ASSIGNMENT: Only one stretch of the data below is wanted: the lines starting at the one with "Aparte de los" and ending at the one with "Diese View zeigt", both included, given again exactly.
-=-=-=-=-
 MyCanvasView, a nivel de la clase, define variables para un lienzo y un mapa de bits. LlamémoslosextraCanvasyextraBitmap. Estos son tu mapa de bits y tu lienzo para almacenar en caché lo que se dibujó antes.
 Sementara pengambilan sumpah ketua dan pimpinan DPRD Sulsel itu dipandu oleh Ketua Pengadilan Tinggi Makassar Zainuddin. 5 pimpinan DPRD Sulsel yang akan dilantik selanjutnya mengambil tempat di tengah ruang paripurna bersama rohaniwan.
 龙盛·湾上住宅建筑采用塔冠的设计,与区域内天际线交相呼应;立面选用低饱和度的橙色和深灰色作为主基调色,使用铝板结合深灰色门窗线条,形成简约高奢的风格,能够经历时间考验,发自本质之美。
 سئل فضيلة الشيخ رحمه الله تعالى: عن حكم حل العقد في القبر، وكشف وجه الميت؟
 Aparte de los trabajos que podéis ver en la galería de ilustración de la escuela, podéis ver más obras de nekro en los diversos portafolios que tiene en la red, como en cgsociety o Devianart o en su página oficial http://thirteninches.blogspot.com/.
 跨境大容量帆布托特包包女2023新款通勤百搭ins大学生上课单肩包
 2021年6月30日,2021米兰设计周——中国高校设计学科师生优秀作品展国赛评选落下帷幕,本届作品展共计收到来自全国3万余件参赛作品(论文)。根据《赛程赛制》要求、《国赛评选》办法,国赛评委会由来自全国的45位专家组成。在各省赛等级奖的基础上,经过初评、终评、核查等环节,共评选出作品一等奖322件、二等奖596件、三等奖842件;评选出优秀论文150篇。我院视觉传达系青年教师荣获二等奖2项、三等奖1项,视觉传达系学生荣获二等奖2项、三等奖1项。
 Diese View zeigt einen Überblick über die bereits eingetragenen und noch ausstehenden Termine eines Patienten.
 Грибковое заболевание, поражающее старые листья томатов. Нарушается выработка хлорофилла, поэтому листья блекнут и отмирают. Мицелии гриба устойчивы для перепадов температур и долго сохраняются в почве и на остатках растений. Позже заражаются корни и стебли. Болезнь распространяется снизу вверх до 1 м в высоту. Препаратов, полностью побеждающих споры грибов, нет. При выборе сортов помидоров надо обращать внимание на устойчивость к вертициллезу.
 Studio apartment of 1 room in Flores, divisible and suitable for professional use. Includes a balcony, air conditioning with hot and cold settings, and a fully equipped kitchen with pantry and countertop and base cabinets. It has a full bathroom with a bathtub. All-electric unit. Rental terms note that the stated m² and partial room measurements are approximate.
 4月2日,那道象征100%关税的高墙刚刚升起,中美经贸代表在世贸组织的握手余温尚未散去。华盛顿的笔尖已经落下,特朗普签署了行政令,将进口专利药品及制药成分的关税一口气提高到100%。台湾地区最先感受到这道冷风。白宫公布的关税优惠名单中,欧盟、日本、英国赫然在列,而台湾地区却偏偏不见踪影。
-=-=-=-=-
ANSWER TO THIS PROBLEM:
 Aparte de los trabajos que podéis ver en la galería de ilustración de la escuela, podéis ver más obras de nekro en los diversos portafolios que tiene en la red, como en cgsociety o Devianart o en su página oficial http://thirteninches.blogspot.com/.
 跨境大容量帆布托特包包女2023新款通勤百搭ins大学生上课单肩包
 2021年6月30日,2021米兰设计周——中国高校设计学科师生优秀作品展国赛评选落下帷幕,本届作品展共计收到来自全国3万余件参赛作品(论文)。根据《赛程赛制》要求、《国赛评选》办法,国赛评委会由来自全国的45位专家组成。在各省赛等级奖的基础上,经过初评、终评、核查等环节,共评选出作品一等奖322件、二等奖596件、三等奖842件;评选出优秀论文150篇。我院视觉传达系青年教师荣获二等奖2项、三等奖1项,视觉传达系学生荣获二等奖2项、三等奖1项。
 Diese View zeigt einen Überblick über die bereits eingetragenen und noch ausstehenden Termine eines Patienten.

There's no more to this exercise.